Strategically, extending his "left flank" to encompass more of the moderate vote can only help to keep any possible competition out of the running.


----------



## toyotatundra (1 Jul 2011)

Michael O'Leary said:
			
		

> Strategically, extending his "left flank" to encompass more of the moderate vote can only help to keep any possible competition out of the running.



I understand that it is early in the game. However, Layton is not hesitating to position himself well to the Left of the Canadian middle. His filibuster of the Canada Post vote was not popular according to the polls.


----------



## Robert0288 (1 Jul 2011)

I don't think it was as much not hesitating, but stepping up to what has traditionally been the NDP bread and butter, steadfast support for unions.  The more I think about it, the more I think it was done to stabilize the NDP's traditional base who were growing worried with concessions that had to be made with the introduction of such a huge quebec contingent.


----------



## toyotatundra (1 Jul 2011)

Robert0288 said:
			
		

> the more I think it was done to stabilize the NDP's traditional base who were growing worried with concessions that had to be made with the introduction of such a huge quebec contingent.



One of the reasons that Harper has been so successful is that he's a strategic, long-term thinker. Your response suggests that you see Layton as similarly strategic in his approach.
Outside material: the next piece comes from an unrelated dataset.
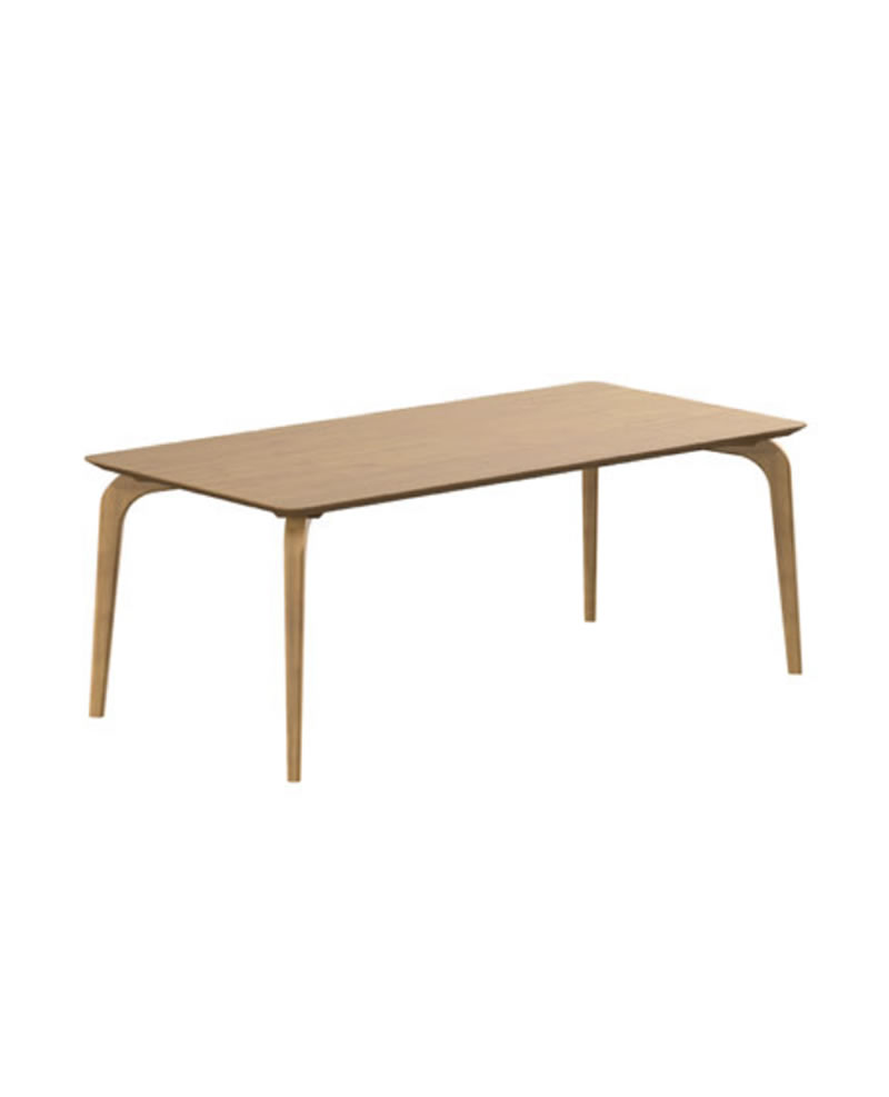 Os pés em madeira apoiam o tampo com suavidade e descrição, transmitindo a sensação de que o tampo está flutuando no ambiente.

That impression of Layton would be consistent with the patience and persistence that Layton demonstrated in his attempts to nurture his party in the long-time NDP electoral wasteland of Quebec.


----------



## Robert0288 (1 Jul 2011)

> That impression of Layton would be consistent with the patience and persistence that Layton demonstrated in his attempts to nurture his party in the long-time NDP electoral wasteland of Quebec.


I see what you did there.


Who knows, he may have stumbled onto a golden goose of political strategy somewhere.  But what ever his reasons, there were both intended and unintended positives and negatives from his decision.  For him to remain incharge of a national party for 8 years now, I'd have to give him atleast some credit for intelligence and strategic planning, even if I don't agree with the man's politics.


----------



## Nauticus (1 Jul 2011)

We shouldn't sell Layton short at all. Not only has he been the leader of the NDP since, what, 2003? He's made gains every year since, and was polled as the most trustworthy politician during this recent election. We know Layton's politics and ideology, and he's been very up front about it.
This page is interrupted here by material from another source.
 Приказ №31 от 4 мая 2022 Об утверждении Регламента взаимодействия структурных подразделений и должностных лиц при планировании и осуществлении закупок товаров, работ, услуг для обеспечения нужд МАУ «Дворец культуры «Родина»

There is no better man for Official Opposition than Jack Layton.


----------



## toyotatundra (1 Jul 2011)

Nauticus said:
			
		

> We shouldn't sell Layton short at all. Not only has he been the leader of the NDP since, what, 2003? He's made gains every year since, and was polled as the most trustworthy politician during this recent election.



103 seats is a huge feat for an NDP leader. And after 8 years at the helm, he still manages 98% delegate approval at the recent national convention. This is in contrast to many political leaders, who seem to acquire more personal and political baggage with the passage of time.



> There is no better man for Official Opposition than Jack Layton.



I agree with you a 100%. Jack Layton is the best man for Official Opposition. While Stephen Harper is the best man for Prime Minister!


----------



## Nauticus (1 Jul 2011)

toyotatundra said:
			
		

> 103 seats is a huge feat for an NDP leader. And after 8 years at the helm, he still manages 98% delegate approval at the recent national convention. This is in contrast to many political leaders, who seem to acquire more personal and political baggage with the passage of time.
> 
> I agree with you a 100%. Jack Layton is the best man for Official Opposition. While Stephen Harper is the best man for Prime Minister!


100% agree with you there.

Although I'd prefer the Conservatives with a minority government, I can't complain with what we've got!


----------



## toyotatundra (1 Jul 2011)

Nauticus said:
			
		

> Although I'd prefer the Conservatives with a minority government, I can't complain with what we've got!



Why do you have a preference for a Conservative minority?


----------



## a_majoor (1 Jul 2011)

I would expect to see a squeeze play between the CPC and NDP over the course of the next four years. The CPC will continue to stay firmly planted in the political center (while slowly shifting the center rightward), while the NDP will cautiously move right (the motion to drop Socialism from the party constitution in the last convention may have been a bit of too much too soon, but I expect to start hearing about the "middle path" and other "New Labourisms" in the future).

This isn't for the benefit of voters like you or me, but a determined effort on the part of both parties to squeeze the LPC out of the political spectrum, eliminate their ability to participate in political dialogue ("Third way? Isn't that what Jack Layton has been talking about already? They're just trying to steal other people's ideas") and drive a stake through that party's heart ("Donate to the Liberals? Steven Harper is already implementing the policies the Liberals are talking about")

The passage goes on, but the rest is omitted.